我正在使用
Pydantic
来验证并在 S3 Event
函数中输入传入的 AWS Lambda
。
事件看起来像这样(仅包括相关位):
{
"Records": [
{
"s3": {
"bucket": {
"name": "my-bucket"
},
"object": {
"key": "MYKEY%28CSV%29/XXXX.CSV"
}
}
}
]
}
我这样定义我的
Model
来获取相关信息。
from pydantic import BaseModel
class ObjectInfo(BaseModel):
key: str
class BucketInfo(BaseModel):
name: str
class S3Schema(BaseModel):
bucket: BucketInfo
object: ObjectInfo
class Record(BaseModel):
s3: S3Schema
class DeletionEvent(BaseModel):
Records: list[Record]
def handler(event: dict, _):
eventTyped = DeletionEvent(**event)
return True
现在的问题是
key
的正确值应该是 MYKEY(CSV)/XXXX.CSV
,而不是 MYKEY%28CSV%29/XXXX.CSV
。我通常使用 urllib.parse.unquote_plus
来解码表示特殊字符的 %XX
位来解决此问题。我想我可以定义一个自定义的 decoder 但这似乎有点矫枉过正。
有什么方法可以让
pydantic
为我进行解码吗?它有一堆用于处理 URL 的类,但我没有看到任何有关自行解码 URL 编码字符串的内容。
。还是感觉
Pydantic
应该有更好的办法。

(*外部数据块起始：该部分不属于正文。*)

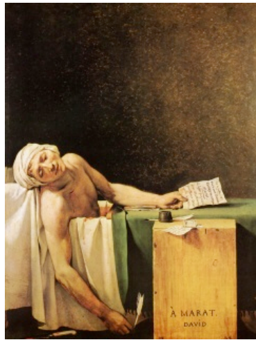
Figure 1 Jacques-Louis David (1748-1825): The murdered Marat

who had been imposed by a foreign power. Famous paintings depict the murder of rulers such as David's "The murdered Marat"(Figure 1).
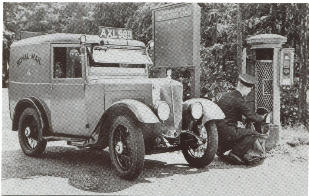
A Morris Minor van at Rickmansworth (1934)
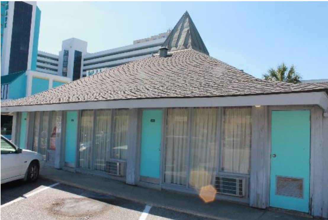
Figure 2.14 North elevation of Hawaiian-style hut.

这是我找到的解决方案:from urllib.parse import unquote
from typing_extensions import Annotated
from pydantic import (
BaseModel,
EncodedStr,
EncoderProtocol
)
# This is the class that will be used to "decode" my URL string
class MyEncoder(EncoderProtocol):
@classmethod
def decode(cls, data: bytes) -> bytes:
# We have to use unquote rather than unquote_plus because only unquote can work with bytes objects.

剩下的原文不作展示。